It seems too crowded for my liking but whenever I look at other apps I always notice that the controls are much more tightly packed than in my apps so I figure I will try not spreading things out so much... but I dunno, what are your thoughts on the colour scheme and layout etc?
Dont worry im not going to be posting asking for opinions on every single form but like in the other app I want to keep a continuous theme throughout so getting one form right means I can get the rest right (hopefully!)  :Smilie:

----------


## Hamish

Can you get rid of the status and title bars? Then it would be just fine for me.

----------


## chris128

I'm not keen on the statusbar either but I need somewhere for a progress bar and label to show when the login request is being processed  :Frown: 
Also, when you say title bar, do you mean the bit that says "Login" or the actual window title bar with the X etc in?

----------


## Hamish

I meant the actual window title bar. The "Login" bit I like.
Can you make the status bar the same color as the "Login" banner, that would make it better too, I think.

----------


## DeanMc

You could always have the progress bar just appear, you could also just remove th top bar and have login written in a nice white text like calibri.

----------


## chris128

How about this then, no title bar and rounded top corners  :Smilie:

----------


## chris128

> You could always have the progress bar just appear, you could also just remove th top bar and have login written in a nice white text like calibri.

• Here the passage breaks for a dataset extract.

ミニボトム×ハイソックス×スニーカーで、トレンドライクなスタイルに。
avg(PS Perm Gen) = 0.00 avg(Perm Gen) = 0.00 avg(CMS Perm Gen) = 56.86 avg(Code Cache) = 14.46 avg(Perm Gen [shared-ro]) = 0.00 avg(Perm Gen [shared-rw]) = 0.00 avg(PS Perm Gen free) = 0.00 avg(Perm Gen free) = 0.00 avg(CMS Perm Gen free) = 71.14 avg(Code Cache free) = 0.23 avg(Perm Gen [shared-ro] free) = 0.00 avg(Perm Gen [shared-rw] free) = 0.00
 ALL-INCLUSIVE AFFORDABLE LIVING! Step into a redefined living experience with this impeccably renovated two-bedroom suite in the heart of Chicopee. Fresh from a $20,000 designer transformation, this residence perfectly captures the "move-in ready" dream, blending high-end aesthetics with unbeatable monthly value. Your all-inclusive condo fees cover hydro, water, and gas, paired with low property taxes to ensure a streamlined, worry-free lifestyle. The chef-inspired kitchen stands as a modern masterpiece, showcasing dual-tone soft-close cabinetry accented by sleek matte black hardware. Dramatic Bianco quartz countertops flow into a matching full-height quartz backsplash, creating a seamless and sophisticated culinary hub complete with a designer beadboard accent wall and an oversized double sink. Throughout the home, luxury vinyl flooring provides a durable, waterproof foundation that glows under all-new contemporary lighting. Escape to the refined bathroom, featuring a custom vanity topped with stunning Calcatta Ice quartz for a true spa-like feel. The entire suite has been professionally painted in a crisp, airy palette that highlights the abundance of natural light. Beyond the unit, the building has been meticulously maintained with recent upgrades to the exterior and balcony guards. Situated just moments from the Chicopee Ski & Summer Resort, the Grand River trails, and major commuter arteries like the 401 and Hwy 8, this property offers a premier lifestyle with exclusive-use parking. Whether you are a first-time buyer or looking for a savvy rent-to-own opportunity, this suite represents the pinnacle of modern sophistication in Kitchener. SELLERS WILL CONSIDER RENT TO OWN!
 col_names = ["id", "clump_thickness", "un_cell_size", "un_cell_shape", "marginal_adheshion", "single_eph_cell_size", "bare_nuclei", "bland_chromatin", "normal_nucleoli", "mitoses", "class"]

Yeah but where would the progress bar appear? There's no room on the form to stick it! Or did you mean in a new window or something?

----------


## Hamish

> How about this then, no title bar and rounded top corners


Much better, now all I would like is to have the color of the status bar the same as the Login banner.

----------


## chris128

I just tried that but it doesnt look great. just playing about with some slightly darker colours for that bit now  :Smilie:

----------


## Hamish

I think colors are very nice, but I'm a 2-color scheme kind of guy I guess. How about making it the same as the rest of the window then? With white text and progress bar.

----------


## chris128

OK, here's both, I prefer the second one but what do you guys think?

----------


## DeanMc

Leave the space for it where the status bar is.

----------


## DeanMc

Thats what I ment.

----------


## chris128

Ah I see, well personally I quite like the look of the status bar now after making it the same colour as the rest of the form as Hammish suggested so I might leave it on there.

Oh and I just ordered those 60,000 icons or however many it is so I'll be getting some of them on there soon too  :Smilie:

----------


## dee-u

Just wondering how long does the process of logging in takes? Why does it need a progress bar?

----------


## chris128

Well if the database settings are incorrect then it can take up to 15 seconds or so for the connection to timeout. Even if its correct, logging in is done via a user/password table in an SQL server on the network so if its a slow network (or slow server/PC) then the login could take a few seconds.

----------


## Pac_741

If you need help, in designing i can help check out my web page.

----------


## DeanMc

I believe its now 83,000 Chris!

----------


## chris128

> 644606 unique icons in 208 icon collections & counting


Looks like its quite a lot more than we thought  :Smilie:

----------


## DeanMc

ah ha!

----------